**What the exercise asks**
Below is a listing. Return the lines from the one that contains "附:我们的中国梦——全国优秀艺术作品展览煤矿职工美术书法摄影精品展报送表 分享到: 【打印正文】" to the one that contains "Figure 3: Options", both ends included, verbatim and with no pictures.

**Given records**
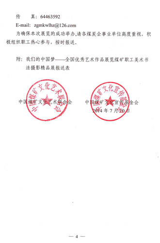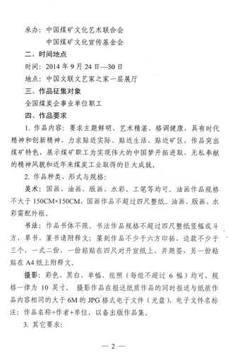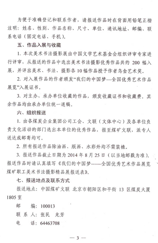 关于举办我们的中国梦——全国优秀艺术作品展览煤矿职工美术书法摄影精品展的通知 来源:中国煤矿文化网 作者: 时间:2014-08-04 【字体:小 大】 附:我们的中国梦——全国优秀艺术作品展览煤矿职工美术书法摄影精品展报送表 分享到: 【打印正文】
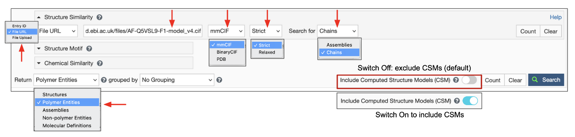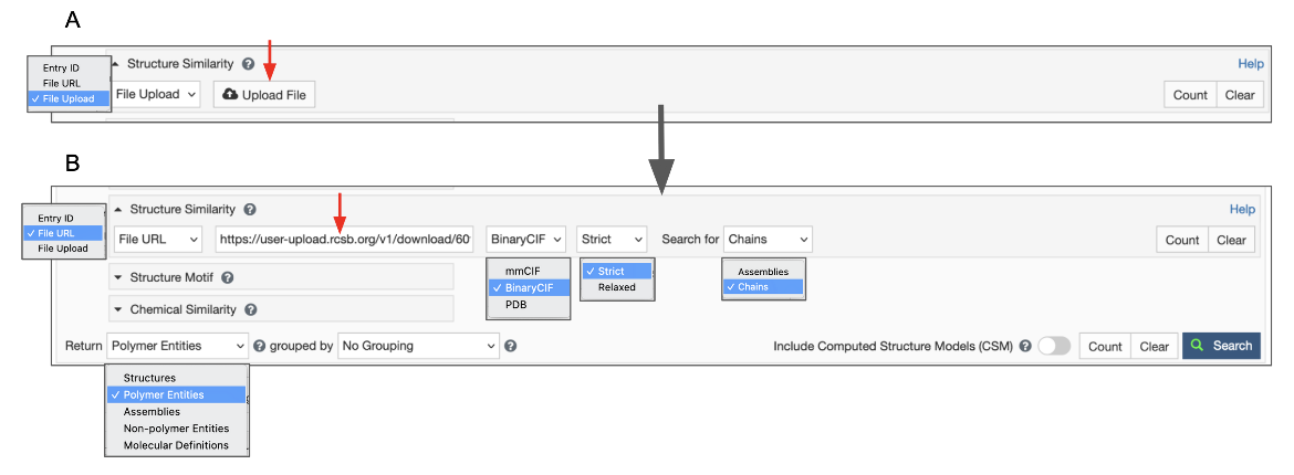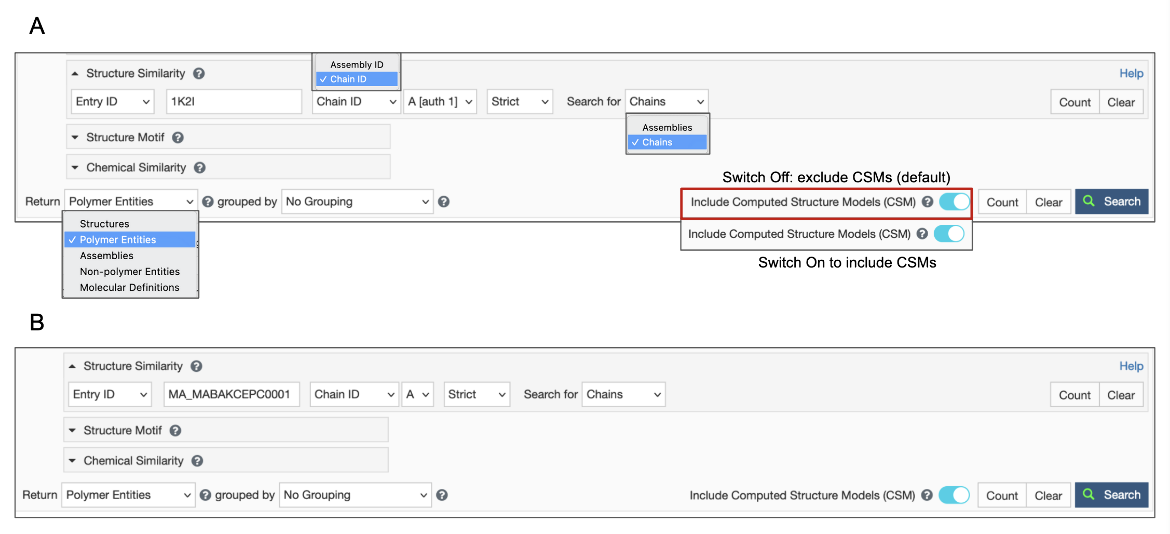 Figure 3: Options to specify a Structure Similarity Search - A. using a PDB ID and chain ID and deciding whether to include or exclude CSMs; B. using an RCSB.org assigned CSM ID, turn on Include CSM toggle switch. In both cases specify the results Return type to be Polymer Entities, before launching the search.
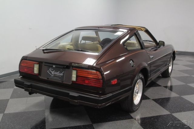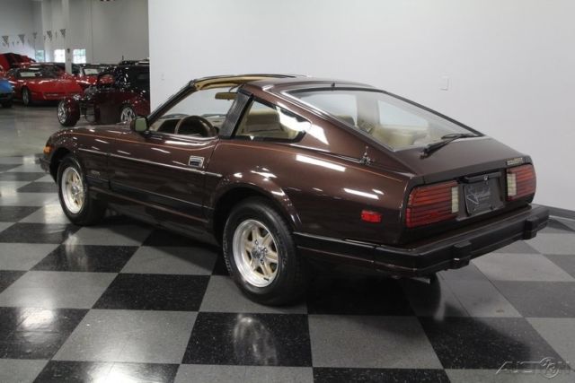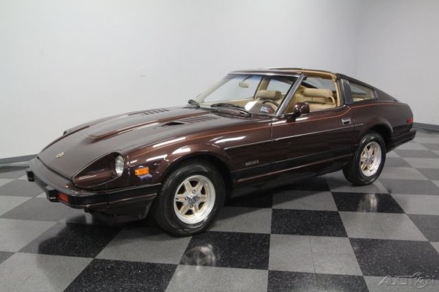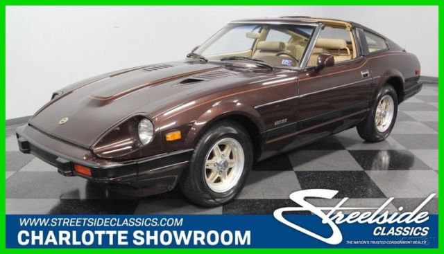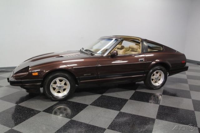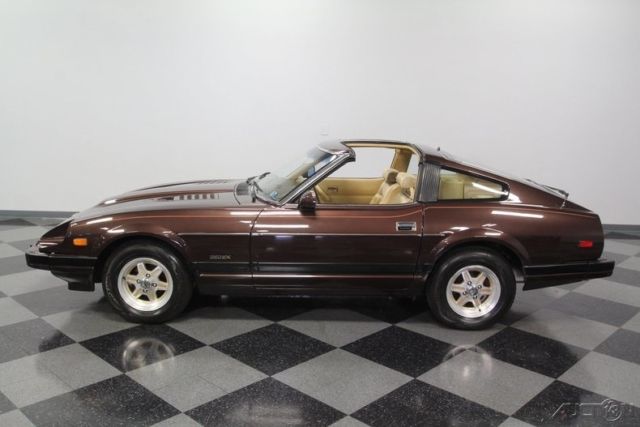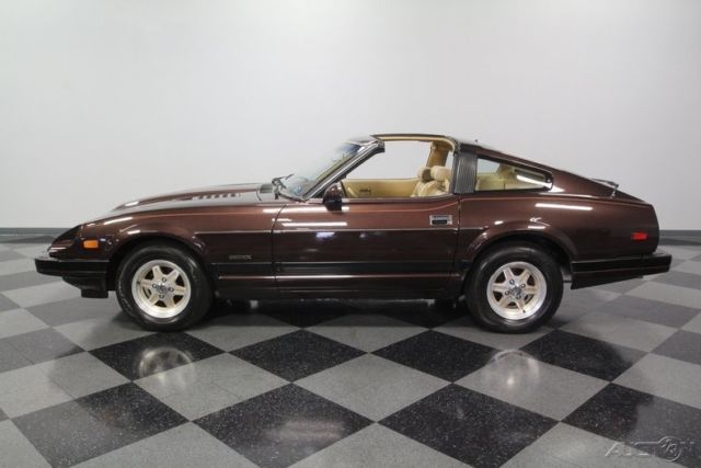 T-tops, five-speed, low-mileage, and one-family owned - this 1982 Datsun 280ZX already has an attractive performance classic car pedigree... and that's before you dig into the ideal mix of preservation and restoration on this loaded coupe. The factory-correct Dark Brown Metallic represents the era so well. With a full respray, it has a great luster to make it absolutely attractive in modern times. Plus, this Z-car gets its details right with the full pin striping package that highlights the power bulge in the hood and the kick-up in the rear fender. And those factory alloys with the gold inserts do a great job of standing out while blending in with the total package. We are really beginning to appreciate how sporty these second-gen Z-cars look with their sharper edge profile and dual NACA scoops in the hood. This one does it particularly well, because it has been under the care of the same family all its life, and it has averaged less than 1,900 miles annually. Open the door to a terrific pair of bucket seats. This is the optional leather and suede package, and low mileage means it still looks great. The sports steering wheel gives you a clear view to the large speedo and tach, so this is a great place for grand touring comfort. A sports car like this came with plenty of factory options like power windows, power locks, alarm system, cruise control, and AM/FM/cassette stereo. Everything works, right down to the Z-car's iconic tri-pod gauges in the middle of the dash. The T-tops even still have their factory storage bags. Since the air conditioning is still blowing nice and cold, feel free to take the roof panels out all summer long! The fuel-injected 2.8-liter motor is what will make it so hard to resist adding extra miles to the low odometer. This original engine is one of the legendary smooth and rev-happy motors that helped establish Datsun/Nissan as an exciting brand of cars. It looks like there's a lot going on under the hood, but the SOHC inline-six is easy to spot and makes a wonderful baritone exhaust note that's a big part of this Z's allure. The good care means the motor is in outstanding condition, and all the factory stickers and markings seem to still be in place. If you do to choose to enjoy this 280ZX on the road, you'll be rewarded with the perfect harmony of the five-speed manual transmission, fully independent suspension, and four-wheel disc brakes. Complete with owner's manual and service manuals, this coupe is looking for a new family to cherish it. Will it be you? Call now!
==
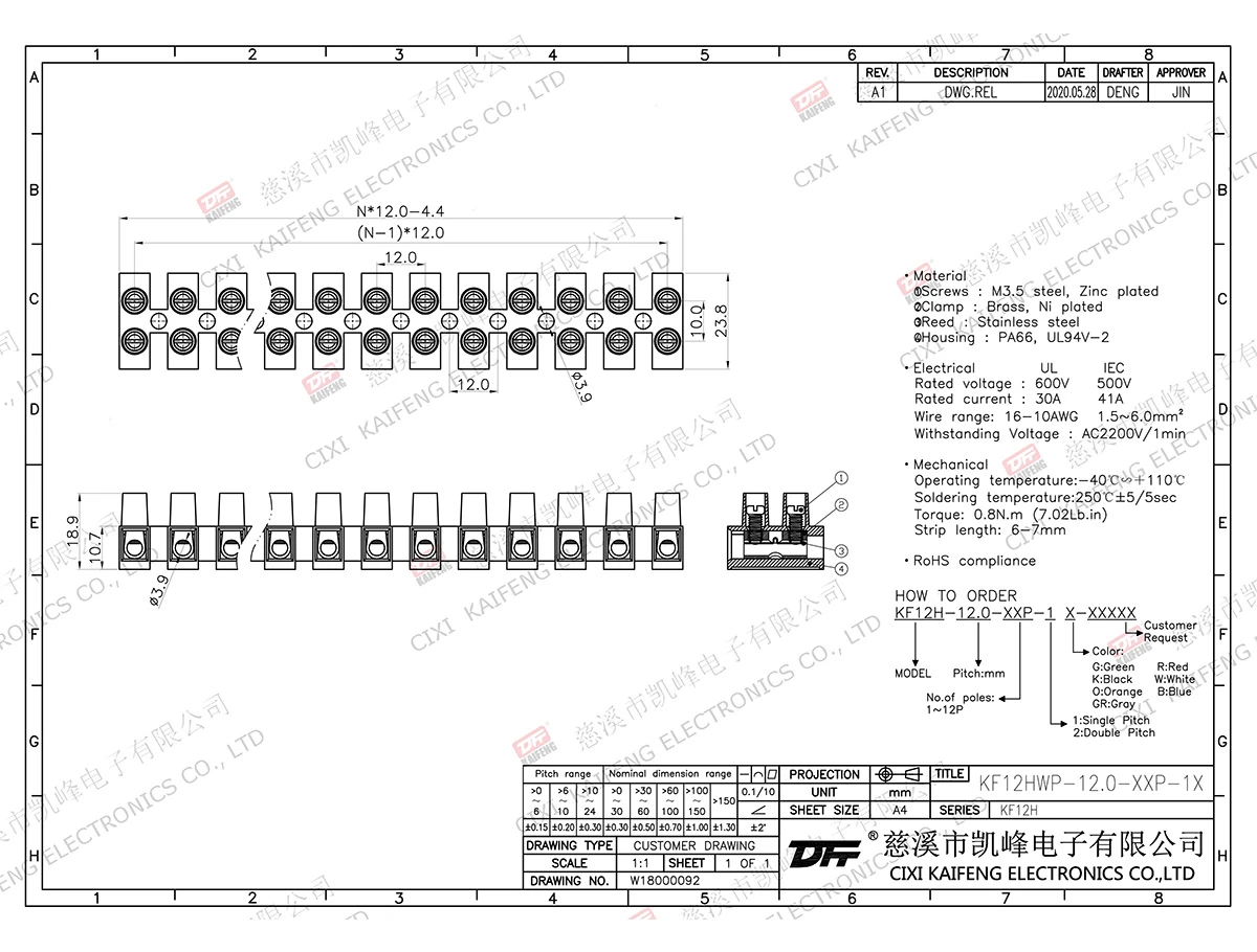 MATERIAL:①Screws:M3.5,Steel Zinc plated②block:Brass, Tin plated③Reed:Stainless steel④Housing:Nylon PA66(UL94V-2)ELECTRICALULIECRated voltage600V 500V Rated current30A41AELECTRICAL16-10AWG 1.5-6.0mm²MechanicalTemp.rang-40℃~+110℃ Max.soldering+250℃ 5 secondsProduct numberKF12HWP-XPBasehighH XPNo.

**Exercise response**
 关于举办我们的中国梦——全国优秀艺术作品展览煤矿职工美术书法摄影精品展的通知 来源:中国煤矿文化网 作者: 时间:2014-08-04 【字体:小 大】 附:我们的中国梦——全国优秀艺术作品展览煤矿职工美术书法摄影精品展报送表 分享到: 【打印正文】
 Figure 3: Options to specify a Structure Similarity Search - A. using a PDB ID and chain ID and deciding whether to include or exclude CSMs; B. using an RCSB.org assigned CSM ID, turn on Include CSM toggle switch. In both cases specify the results Return type to be Polymer Entities, before launching the search.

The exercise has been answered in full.